Страстью Джо были яркие эмоции. Она любила адреналин и, кажется, была адреналиновым наркоманом. Подобно маньяку она гонялась за острыми ощущениями. Страшные аттракционы, игры, квесты только веселили её, заставляя кровь вскипать в венах, а сердце — бешено колотиться в предвкушении. Она обожала прыжки с парашютом, с каждым разом покоряя всё новую и новую высоту. То были просто невероятные ощущения непередаваемой словами эйфории, и во снах Джо грезила о том, чтобы стать птицей. Именно поэтому она стала богиней квиддича: если не самостоятельно летать, то хотя бы с метлой. Как результат — неоднократно сломанные кости, вывихнутые конечности и бесконечные растяжения связок, что тоже радовало её, потому что главное — чувствовать хоть что-то. Бесконечно уговаривая друзей сыграть в «правду или желание» и добиваясь, наконец, от них согласия, она придумывала самые коварные вопросы и самые интересные задания, и сама выбирала исключительно второе, потому что так интереснее. Подшутить над мистером Филчем? Пожалуйста. Выпить за час бутылку текилы? Проще некуда. Пробраться ночью на Астрономическую башню и во всю глотку закричать о своей любви к профессору Биннсу? Раз плюнуть! Она настолько любила риск, что даже тянула руку вверх на занятиях профессора МакГонагалл, чтобы задать той очередной каверзный вопрос, при этом прекрасно осознавая, что забыла сделать домашнее задание о трансфигурации ёжика в чайник.

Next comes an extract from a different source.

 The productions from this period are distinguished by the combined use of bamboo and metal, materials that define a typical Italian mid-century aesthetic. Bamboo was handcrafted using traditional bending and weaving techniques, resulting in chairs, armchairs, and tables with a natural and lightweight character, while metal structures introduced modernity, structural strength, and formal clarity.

Джо обожала смеяться и любила слушать смех других людей: в смехе, звенящем тысячами колокольчиков, было какое-то волшебство, что-то чудесно-лёгкое, манящее, тёплое и искреннее. А она любила искренность, потому что фальшь вызывала в ней ярость.

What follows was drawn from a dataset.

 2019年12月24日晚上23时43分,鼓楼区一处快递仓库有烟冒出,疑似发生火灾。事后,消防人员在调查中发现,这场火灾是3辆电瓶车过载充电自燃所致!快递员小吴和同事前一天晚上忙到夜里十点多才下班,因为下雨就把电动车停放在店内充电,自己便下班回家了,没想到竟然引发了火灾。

Она была скора на гнев и не гнушалась решать проблемы грубо, физической силой, зачастую всё только усугубляя. Она боролась за справедливость и за то, что казалось ей правильным, не зависимо от того, с кем приходилось бороться: с мнением толпы, незнакомцем, злейшим врагом или лучшим другом. Даже если приходилось защищать того, кого ненавидела, перед тем, кого любила. Джо не боялась сказать человеку, что тот не прав или поступает неправильно, и отстоять свою точку зрения. Честь и совесть — вот что имело значение. Даже если было больно и неприятно.

Джо плохо контролировала свои эмоции, небрежно относилась к правилам и запретам. Соблюдать какие-то условности и приличия? Ещё чего! Как будто именно для этого она сама и все её предшественники добивались всевозможных свобод и привилегий.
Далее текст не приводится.